So this isn't so much a question of designing a new enterprise architecture for analytics but rather creating a different view of enterprise architecture. What's needed is a strategy that sees data more as a supply chain than a warehouse. It's about asking what key questions need to be answered and designing for that data so that it becomes a cycle that improves the business through more insight or better operations.
Getting the governance right is also critical here. The governance of data/analytics between IT and the business is often the hardest issue to address. In fact the emergence of the Chief Data Officer role was born, in part, out of the need for some organisations to deal with data governance issues.
Data Velocity: Whilst Design for Analytics is about getting the right data, Data Velocity refers to how quickly an organisation uses the information to generate actionable insights that managers can act on quickly. Increasing expectations are a primary factor pushing businesses-all of us, actually-to ask for and act on data more quickly.
Mobility as a new channel for information has catapulted those expectations far forward as "connected everything" delivers even more data more quickly that can be analysed and acted upon. The Internet of Things will serve as an even greater catalyst for capitalising on the velocity of data.

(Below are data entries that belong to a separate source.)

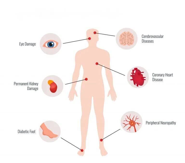 对于糖尿病患者,血糖高本身可以通过药物来控制,但是长期高血糖对于其他身体器官(比如眼睛、肾脏、足和心血管等)的损害才更可怕,这就是糖尿病并发症。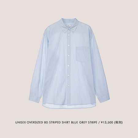 「UNISEX OVERSIZED BD STRIPED SHIRT」14,850円は、クラシックなストライプを現代的に再解釈したオーバーサイズシャツ。落ち着いたカラーとゆとりのあるフィットが、リラックス感とトレンド感を演出する。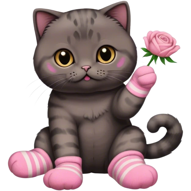 Black Scottish fold with dust rose socks at its paws emoji | AI Emoji Generator

At the same time another powerful factor pushing the need for more data more quickly is that the windows of opportunity are smaller in almost all business endeavours.

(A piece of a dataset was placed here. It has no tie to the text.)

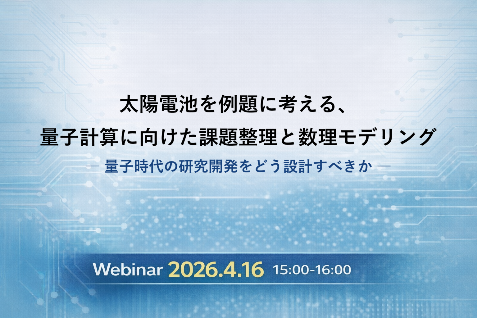 ウェビナー開催のお知らせ「太陽電池を例題に考える、量子計算に向けた課題整理と数理モデリング」

As an example, a grounded airplane costs airlines as much as US$250,000 per day; an oil rig that isn't drilling can cost US$1 million per day. The sooner an equipment malfunction or imminent shutdown can be detected, and the more detailed the data about the equipment's condition, the quicker it can be repaired and made productive again-and, if captured, the more data there will be to help predict future breakdowns and more effectively plan future maintenance regimens.

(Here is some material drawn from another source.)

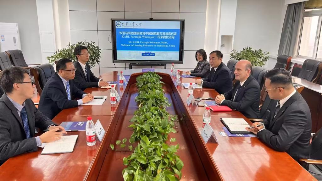10月25日,马耳他国家教育中国国际教育展首席代表Karl Farrugia Wismayer、马耳他大学中国区招生代表丁宁一行来beat365官网交流访问。锦州市留学生联谊会会长于利,锦州侨商会常务副会长张展,学校党委副书记、校长王琦,国际交流合作处负责人等相关人员在第三教学楼六楼会议室与代表团进行座谈交流。

Seamless Collaboration: The rise in social networking brings new meaning into collaboration. Users' new social behaviour and growing expectation that every app will be "social" are pushing companies to create new user experiences.
However, to increase productivity, enterprises must move beyond standalone social and collaboration channels. They must begin to directly embed those channels into their core business processes. For example, adding the ability to comment, instant message, or follow a product through its activity stream within an order fulfillment application promotes a free-flowing exchange of ideas otherwise absent within a distributed supply chain.
The more people use collaboration tools, the more benefit everyone derives. However, making a tool available does not mean it will be adopted. Start with a targeted, user-centric model that supports specific work activities. Make it as enticing and easy to use as possible. Drive more job-specific usage and derive specific productivity gains within specific tasks.